S&P slaps the Australian mortgage linchpin on downgrade watch

No worries, mate:

On March 20, 2017, we revised our rating outlook on Genworth Financial Mortgage Insurance Pty Ltd. to negative from stable (see “Genworth Australia Outlook Revised To Negative From Stable; Ratings Affirmed At ‘A+'”). In this article, S&P Global Ratings addresses the current and potential issues the outlook change could have on its ratings on Australian and New Zealand structured finance transactions.

Frequently Asked Questions

Will the outlook change on Genworth Financial Mortgage Insurance Pty Ltd. have any immediate effect on structured finance ratings? No. Structured finance instruments typically do not carry outlooks and so there is no accompanying outlook change. The underlying credit rating for Genworth Financial Mortgage Insurance Pty Ltd. remains unchanged, at ‘A+’, and there is no related change to structured finance ratings.

How exposed is the Australian and New Zealand RMBS portfolio to Genworth Financial Mortgage Insurance Pty Ltd.? By number of transactions, about 88% of residential mortgage-backed securities (RMBS) transactions in Australia and New Zealand are exposed to lenders’ mortgage insurance (LMI). The two major LMI providers in these markets are Genworth Financial Mortgage Insurance Pty Ltd. and QBE Lenders’ Mortgage Insurance Ltd.

Genworth Financial Mortgage Insurance Pty Ltd. insures about 25% of the loans, based on current loan balance outstanding, that underlie Australian RMBS transactions, as of Dec. 31, 2016. In New Zealand, the exposure is about 4%.

RMBS exposure to LMI has declined in recent years. We expect the trend to continue as issuers move to reduce the ratings dependency risk caused by LMI exposure. It also reflects a general shift in mortgage lending away from higher loan-to-value loans, for which lenders have traditionally obtained mortgage insurance protection. How exposed are Australian and New Zealand RMBS ratings to a lowering of the ratings on key LMI providers?

Any deterioration in the financial strength of LMI insurers could affect RMBS ratings. Our ratings on subordinated notes would be most vulnerable. However, most ratings on currently outstanding senior ranking notes have moderate to low sensitivity to LMI provider downgrades because they have extra credit enhancement in the form of subordination. As a result, not only do these notes usually have ratings that are higher than the financial strength ratings on relevant insurers, but they also often have extra credit enhancement that provides a buffer for them to withstand certain levels of LMI provider downgrades. Rapid portfolio amortization has raised credit support as a percentage of outstanding balance. A general net improvement in the creditworthiness of the housing-loan portfolios that underlie RMBS has strengthened our ratings on most senior tranches and made them better able to withstand a potential downgrade of the LMI providers. The improvement in credit quality is due to a general deleveraging by borrowers during a period of lower mortgage rates and greater seasoning of the portfolio.

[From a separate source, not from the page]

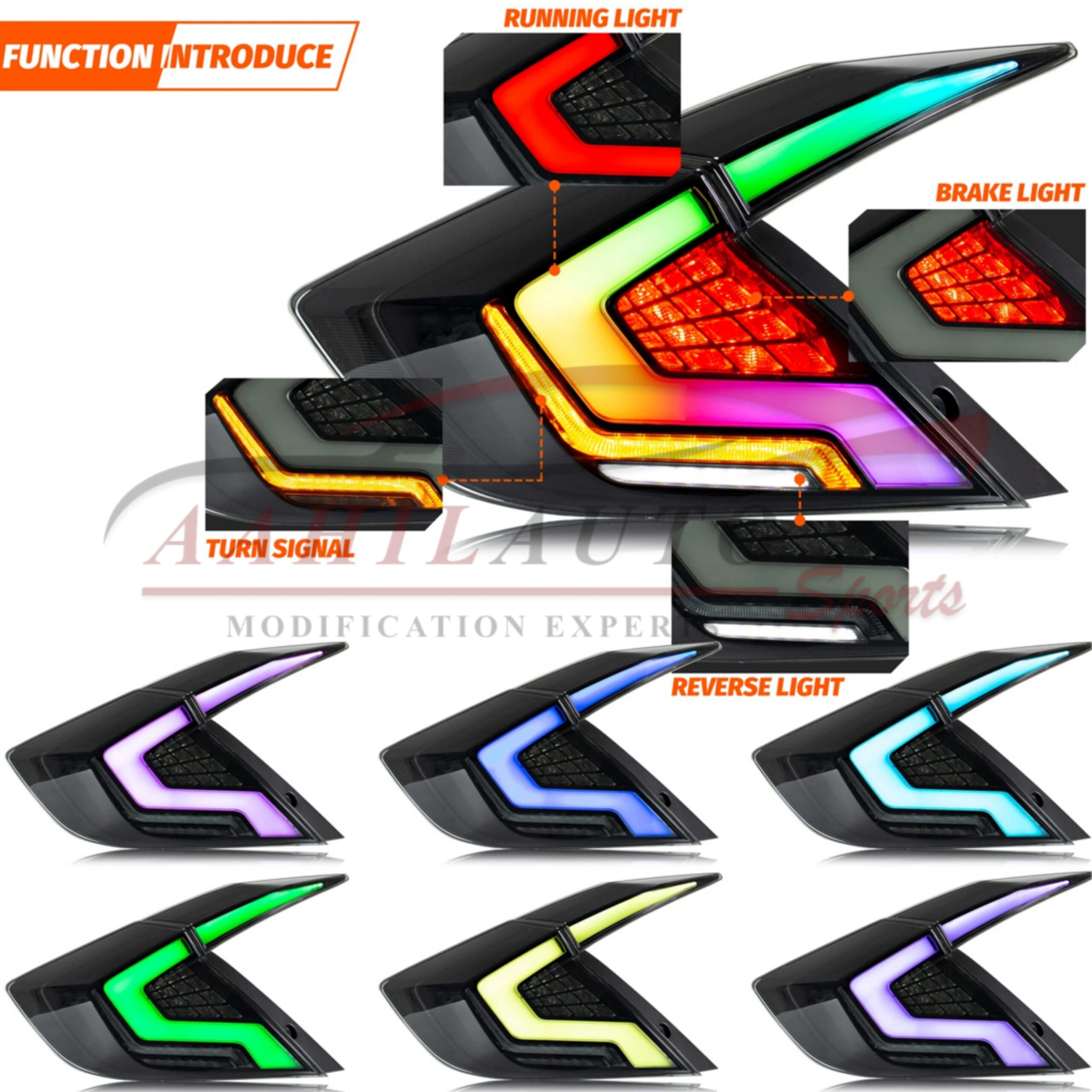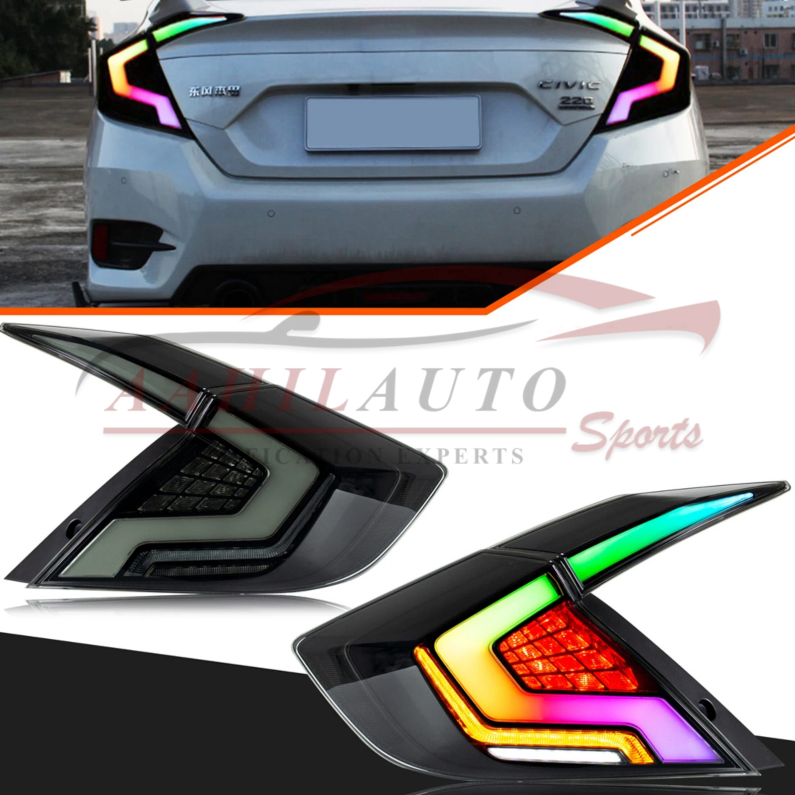 Honda Civic Cobra RGB Style Lava Back Lamps Light Smoke 2016-2021

A relatively strong LMI claims-payout record has also helped support ratings stability. The longer a transaction is outstanding, however, the longer it is exposed to economic cycles and related stresses. Current macroeconomic conditions are relatively benign, and we do not anticipate any rise in claims adjustments. We monitor this risk through regular reviews of originators’ claims-adjustment assessments.

Does the change to our outlook on Genworth Financial Mortgage Insurance Pty Ltd. change the estimate of claims payout ratio and Categorization of Insurer and Lender Practices? No. The assessment for estimating the claims pay-out ratio is based on four qualitative factors: historical claims-adjustment experience, the nature of adjustments, the variability and actions taken to minimize future claims adjustments; the origination practices and procedures of a lender and its competitive market position and degree of market influence; the servicing practice of insured loans and its alignment to insurers’ expectations, and the degree of ongoing communication with insurers; and the clarity of the LMI policy and the extent of policy exclusions. We have not observed any material changes to these factors that would lead to a change in this assessment. The two main LMI providers in this market remain consistent with “CA1” outcomes, in line with our “Methodology For Assessing Mortgage Insurance And Similar Guarantees And Supports In Structured And Public Sector Finance And Covered Bonds” criteria, published Dec. 7, 2014. 

All good. Last I looked it only had a leverage ratio of 130x.

Comments

  1. If banks risks can be reduced via LMI, if the LMI is no good what happens to the risk the bank supposedly offloaded?

    You cannot downgrade the insuring company without the risks increasing for those being insured.